Pakistan urges UNSC president to press India to restore Indus Waters Treaty


Says suspension carries grave peace, security and humanitarian consequences for the region

Pakistan’s Permanent Representative Ambassador Asim Iftikhar Ahmad hands over a letter from Deputy Prime Minister and Foreign Minister Ishaq Dar to UN Security Council President Ambassador Jamal Fares Alrowaiei of Bahrain. Photo: X

Pakistan on Thursday urged the United Nations to call upon India to restore full implementation of the Indus Waters Treaty (IWT), warning that New Delhi’s “illegal” decision to hold the accord in abeyance carried grave peace, security, and humanitarian consequences for the region.

The development comes after the completion of one year since India placed the Indus Waters Treaty in abeyance following last year’s April 22 attack in Pahalgam in Indian Illegally Occupied Jammu and Kashmir (IIOJK), in which 26 people were killed by unidentified assailants.

According to a statement issued by Pakistan’s Mission to the UN, the country’s permanent representative, Ambassador Asim Iftikhar Ahmad, handed over a letter from Deputy Prime Minister and Foreign Minister Ishaq Dar to the president of the UN Security Council, Ambassador Jamal Fares Alrowaiei of Bahrain.

Also Read: FO rubbishes India’s ‘false narrative’ linking Pakistan to Pahalgam attack

“The letter draws the attention of the Security Council, one year after India’s illegal decision to hold the IWT in abeyance, of its grave peace and security, and humanitarian consequences,” the statement said.

It urged the Security Council to take cognisance of the situation and call on India to restore full implementation of the treaty, resume all treaty-mandated cooperation and data-sharing without delay, desist from any form of water coercion, and comply fully with its international obligations in good faith.

The statement added that the permanent representative also briefed the Security Council president on what it described as the “regurgitation of baseless allegations and propaganda by India” at a time when Pakistan was engaged in mediation efforts to promote regional and international peace and security.

Ambassador Iftikhar further underscored that the “unresolved Jammu and Kashmir dispute — a longstanding item on the SC’s agenda — was the root cause of instability in South Asia that necessitated a just and lasting settlement in accordance with relevant SC resolutions and wishes of the Kashmiri people”, the statement concluded.

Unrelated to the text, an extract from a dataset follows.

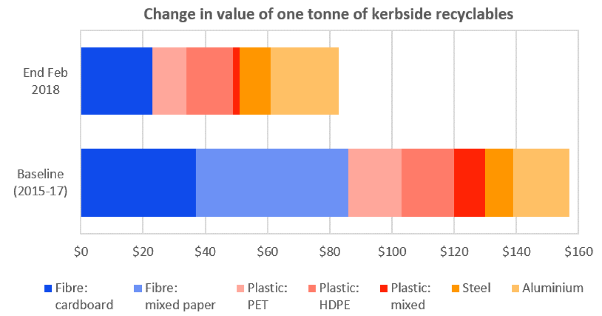 Australia has limited local markets for household recyclables like paper, plastics and glass, so we rely heavily on overseas markets like China to buy and reprocess the waste. Losing the market for a third of our paper and plastics – as have many other industrialized countries – has sent shockwaves through the global recycling market. Oversupply has caused the average price of mixed paper scrap to fall from around AU$124 per ton to A$0 per ton (yes, zero!). Scrap mixed plastics has fallen from around A$325 per tonne to A$75 per ton.

The IWT of 1960 stands as one of the most carefully negotiated and legally robust transboundary water agreements in modern international law. Concluded between Pakistan and India with the good offices of the World Bank, the treaty was designed to remove water from the volatility of politics and conflict and to anchor it firmly in law, engineering discipline, and neutral dispute resolution. It is a binding international instrument governed by the foundational principle of pacta sunt servanda — that treaties must be honoured in good faith.

Read: Pakistan accuses India of violating Indus Waters Treaty

At the heart of the IWT lies a permanent and unqualified allocation of rivers. Article II vests the eastern rivers — Ravi, Beas, and Sutlej — exclusively in India, while Article III accords Pakistan exclusive rights over the western rivers — Indus, Jhelum, and Chenab. This allocation was the treaty’s foundational bargain.

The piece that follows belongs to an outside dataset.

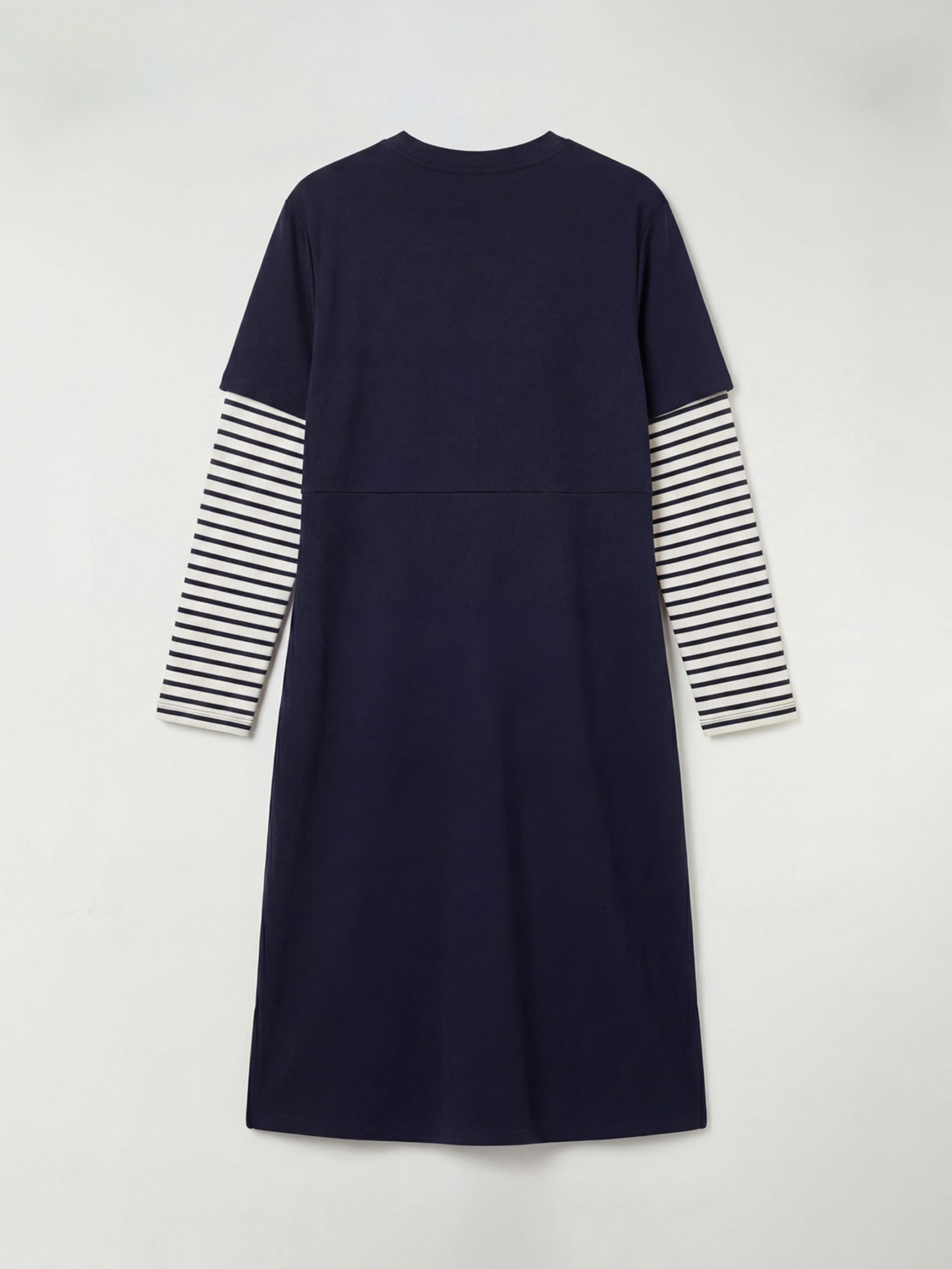 Lacivert Bisiklet Yaka Çizgili Sweat Elbise

India’s access to the western rivers is permitted only within the narrow confines of Article III(2) of the Indus Waters Treaty, read with Annexures D and E, allowing limited, non-consumptive uses such as run-of-the-river hydroelectric projects. These permissions are subject to strict design and operational constraints, including limits on pondage, prohibition of storage for flow regulation, and a ban on engineering features enabling control over water flows to Pakistan.

These safeguards were intended to protect Pakistan as the lower riparian and prevent water from becoming a strategic tool. Pakistan’s objections to projects such as Kishanganga and Ratle stem from concerns over excessive pondage, gated spillways, and drawdown mechanisms, which it says violate treaty provisions and could affect downstream flows, particularly during lean seasons.

The dispute entered a more troubling phase in April 2025, when, following a terrorist incident in Pahalgam, India announced that it was placing the Indus Waters Treaty “in abeyance”.

Read More: India skips IWT case proceedings at The Hague

Earlier this year, India unilaterally approved the Dulhasti Stage-II Hydropower Project on the Chenab River, an action that violates the treaty’s provisions governing the western rivers and infringes upon Pakistan’s legally protected rights under the binding international agreement.

The unilateral suspension and expedited approval of upstream projects, including the withholding of hydrological data, diversion of river flows, and alteration of natural regimes, constitute deliberate water weaponisation, jeopardising Pakistan’s agriculture, food security, hydropower generation, and ecological stability. Under the IWT, customary international law, and Article 51 of the UN Charter, Pakistan has clear legal avenues to respond.

International law expressly prohibits the use of water as a weapon against downstream populations, making strict enforcement of the IWT essential not only for bilateral stability but also for the integrity of global water governance norms.